Hello people. I am currently developing an Android game, and I have an issue about Application.persistentDataPath.
I built a save system for my game, and the file is being saved using Application.persistentDataPath.
The problem is that Application.persistentDataPath refers to Internal SD Storage in Android devices. That’s not the way I’m looking for saving the player progress, because it’s easy to access and share between players. I need to change the path do data/data, to make it more difficult to access (only root users can do it).
Can I manually specify the path to “data/data/com.mycompany.mygame/files”? Or is there any way to do it automatically, with or without Application.persistentDataPath? (Not using PlayerPrefs, because it’s not safe for player progression).
Thanks for now and I hope someone can lead me to a solution.
Although, i would suggest trying some other methods to discourage these files from being shared and reused.
e.g. you may be better off trying to make it harder to load the saved data, instead of just trying to hide where it lives.
One such strategy could be to use a basic 2 way encryption on your save files.
For the private key, you could use something unique or device specific, salt it and/or mix it with a secret in your binary code.
deviceName The user defined name of the device (Read Only).
deviceType Returns the kind of device the application is running on (Read Only).
deviceUniqueIdentifier A unique device identifier.
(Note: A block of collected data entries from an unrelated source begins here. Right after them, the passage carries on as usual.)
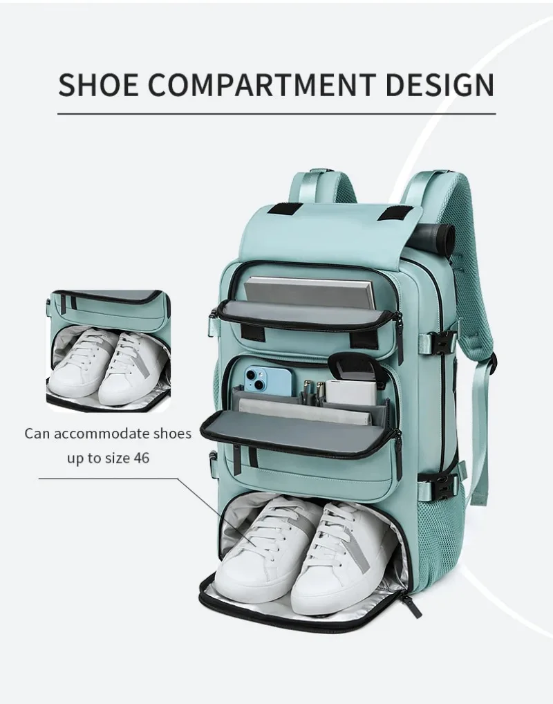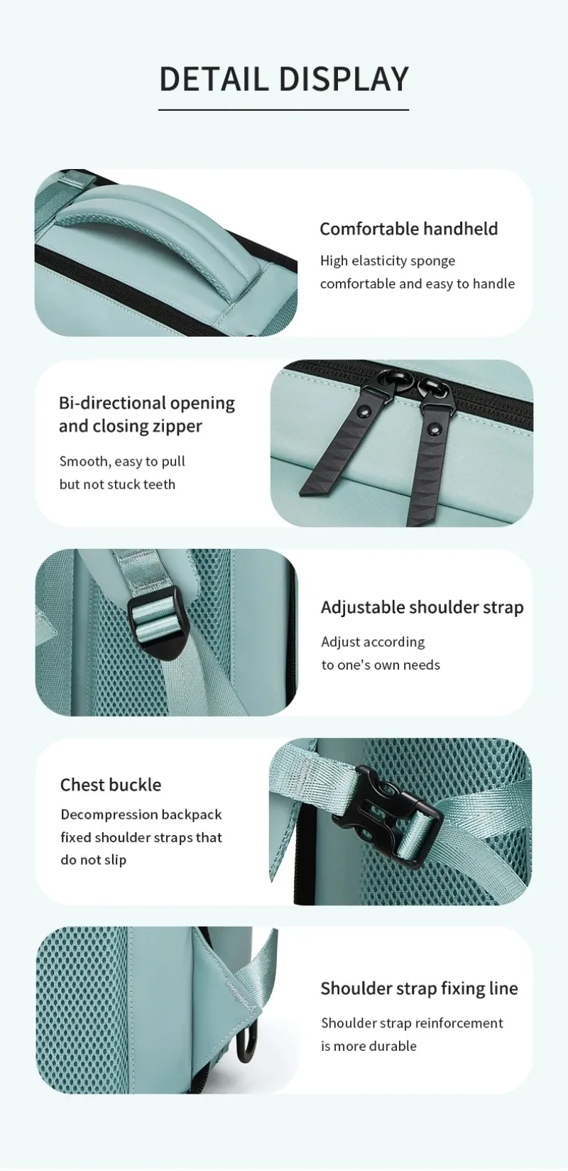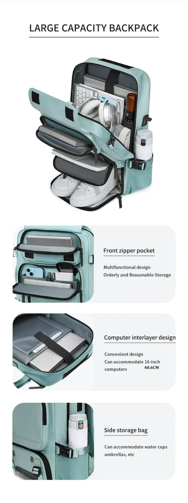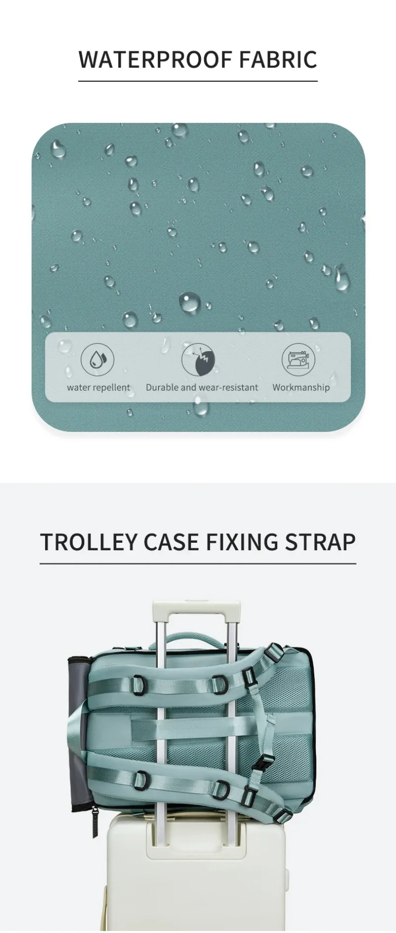 Product Name: Mountaineering Bag/Handbag/Shoulder Bag/backpack Material: nylon Backpack size: 18.1X11.8X6.3 inch (46*30*16CM) Style: outdoor, mountaineering, travel, business Capacity: about 40L Independent shoe bag Multifunctional use design Boarding Environmental friendly Wearable water proof Hidden shoulder strap roll Large capacity design Can install 16-inch laptop High-density waterproof material Hidden USB charging port Breathable honeycomb back cushion Comfortable sponge strap Free anti-theft code lock 9.7 inch IPAD Waist pad zipper bag Can be inserted into the suitcase
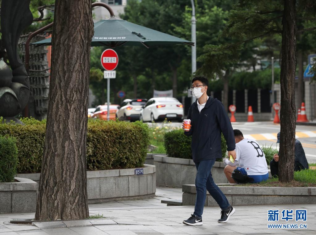 7月9日,行人戴口罩走在韩国首尔光化门附近。
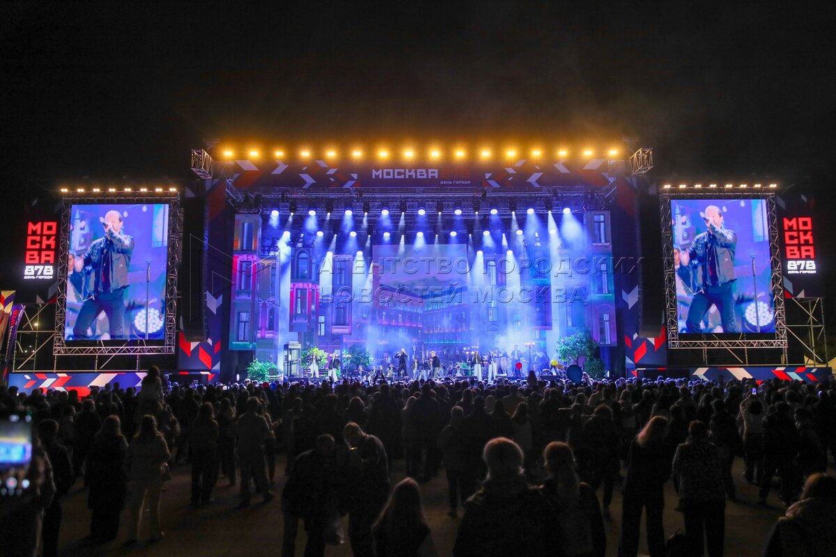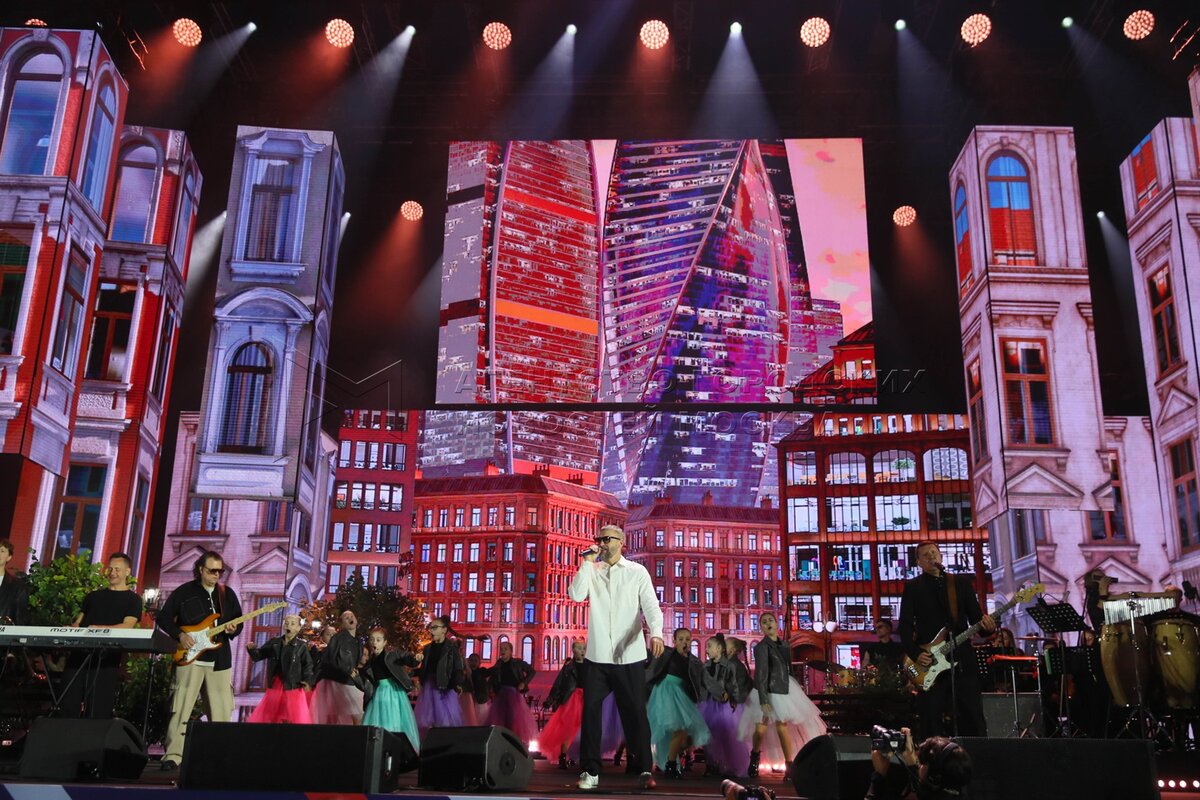 • Описание: Концерт-мюзикл «А я иду, шагаю по Москве» на центральной площади кинопарка «Москино» в День города.
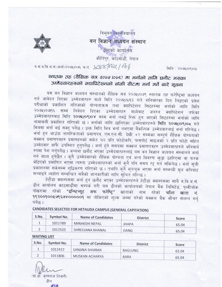 Candidates Selected for remaining Seats of Hetauda Campus in General Capitation Seat (2075/09/05)

It is guaranteed to be unique for every device (Read Only).
Grab any of those as the app launches, and encrypt your save file using a combo of them (plus some secret string/GUID in your app too, perhaps?)
When loading a save game file, update your code to decrypt the save game file using those values.
Its not fool proof, but it makes it a lot harder for someone to just share files and reuse them. Especially if you combine it with a secret string or randomly generated GUID in your binary! (The idea here is obfuscation - you are making it harder to break, but not impossible).
Ultimately, anything stored client side can never be assumed secure or reliable - if you need a bullet proof solution, you will need to save progress server side, ask users to create accounts with passwords, use one way hashing (e.g. Bcrypt or something similar) and store those credentials etc. etc.